In dozens of other studies, he says, caffeinated people have faster response times than noncaffeinated people when pressing a button after seeing a symbol appear on a computer screen. And at a 2005 meeting of the Radiological Society of North American, Austrian researchers reported results of a brain-imaging study that showed caffeine lighting up the brain's short-term memory center.

Studies that link caffeine with mental skills and quick reflexes, however, may simply prove how addictive the drug is, Rogers says. These experiments usually involve regular caffeine-drinkers who abstain for a day or two before the study. Bleary eyed, participants blindly swallow either a caffeine-laced pill or drink, or a caffeine-free placebo. Those who randomly get their usual daily dose, not surprisingly, do better on the tests.

"What we find is that if you take caffeine away from caffeine drinkers, they perform worse than when they get caffeine and they perform worse than people who don't normally get caffeine," Rogers says. "The traditional interpretation ... is that people do better on caffeine and that caffeine does make you more alert."

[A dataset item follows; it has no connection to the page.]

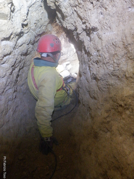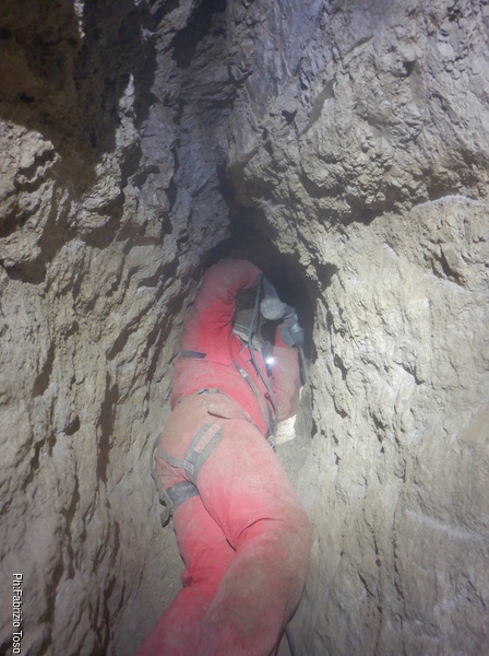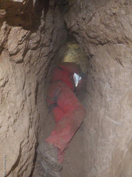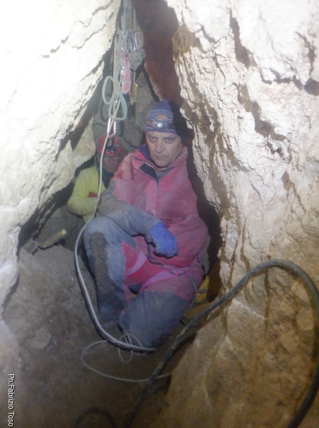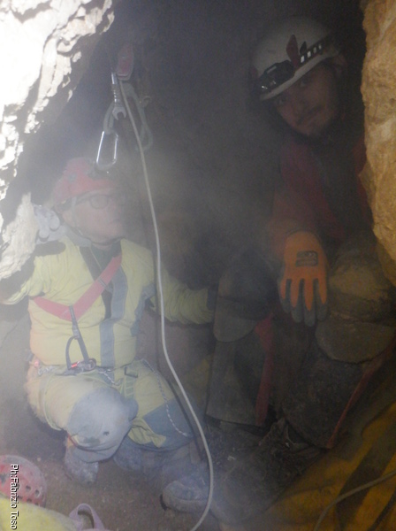 Alla base del saltino facciamo ancora un metro di meandro e raggiungiamo “il campo base”, una zona comoda dove attendere il proprio turno per lavorare piu’ avanti, nello stretto che ancora ci impedisce la progressione verso infiniti abissi.

When people who are normally caffeine-free get caffeine, however, some studies show only a much smaller mental boost, while others show no boost at all, says Rogers, who published a review of related studies in the journal Psychopharmacology in 2005. It may be withdrawal that makes people falter, he says, not caffeine that makes them sharper. If they're not already coffee drinkers, taking up the habit won't make help.